The application provides an end-to-end weak supervision detection-based multi-target image Hash network model method, only images and corresponding image level labels of the images are used, dependence on a target detection labeling box is reduced, meanwhile, the corresponding relation between the labels and the targets in the images and Hash codes of the targets are learned, and complete and independent description is carried out on each target in the images. And the whole model is subjected to multi-task joint training and is jointly optimized, so that the inherent defects of the previous multi-module method are overcome, the complexity of the whole image feature representation process is reduced, and the image content is accurately described in a finer-grained manner. Compared and verified by a large number of experiments, the method can greatly improve the image retrieval effect, the multi-target image feature representation method can perfectly adapt to the retrieval requirements of multiple images, and retrieval can be performed only by respectively acquiring the target hash sets of all query images and combining the target hash sets into a large target hash set.

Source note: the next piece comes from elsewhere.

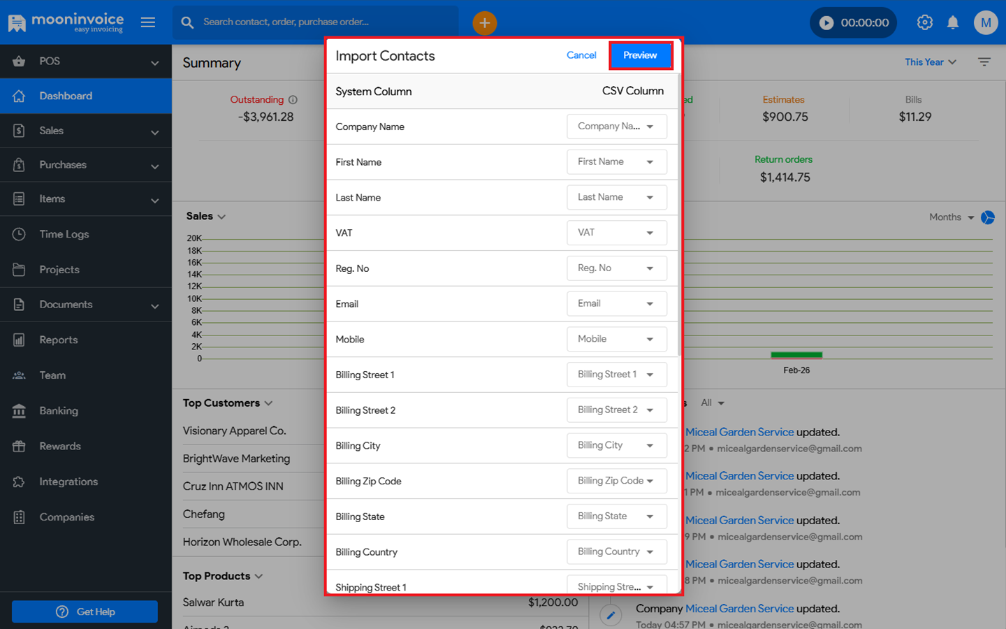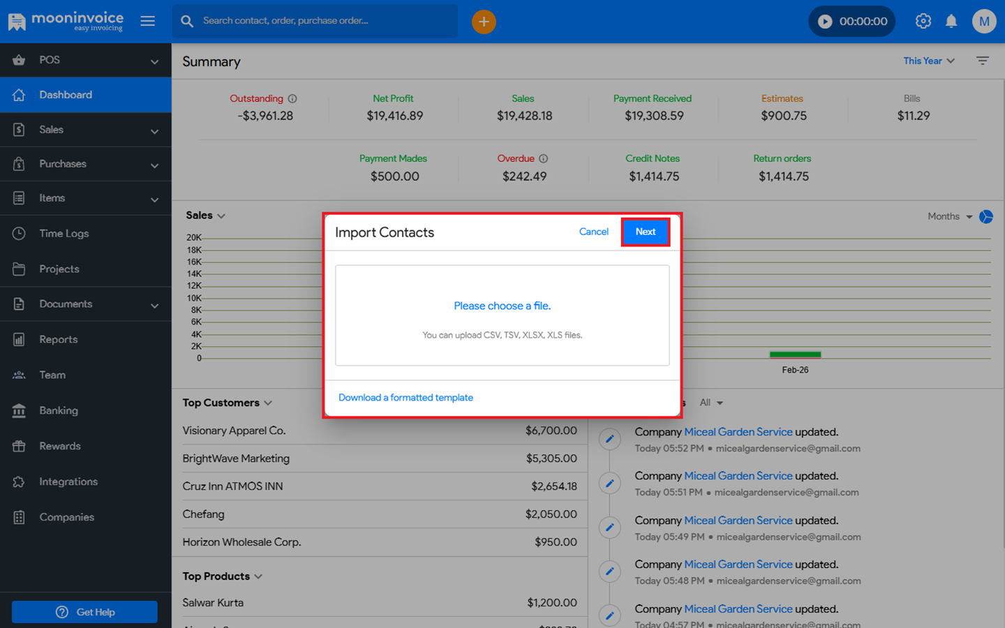 You can easily import a CSV Contact File in Moon Invoice by following the steps below.

The following definitions or conceptual connotations relating to the present invention are provided for illustration:

end-to-end: end-to-end means that a plurality of steps for solving a problem are combined together, a final required result is directly obtained according to an original input without other intermediate steps for processing again, in the invention, an image is input into a model, and a detection result and a target hash representation of a target are directly obtained through processing.

And (3) weak supervision detection: the learning of object detection is performed using weak supervision information, which only includes label labeling at the image level, but not the object frame position corresponding to its label.

An RPN module: a candidate box generation Network (RegionProposal Network) generates a number of target candidate boxes for an input image given that image.

Priori knowledge: it is to obtain a certain experience according to the previous training situation and to use it as a new guiding message.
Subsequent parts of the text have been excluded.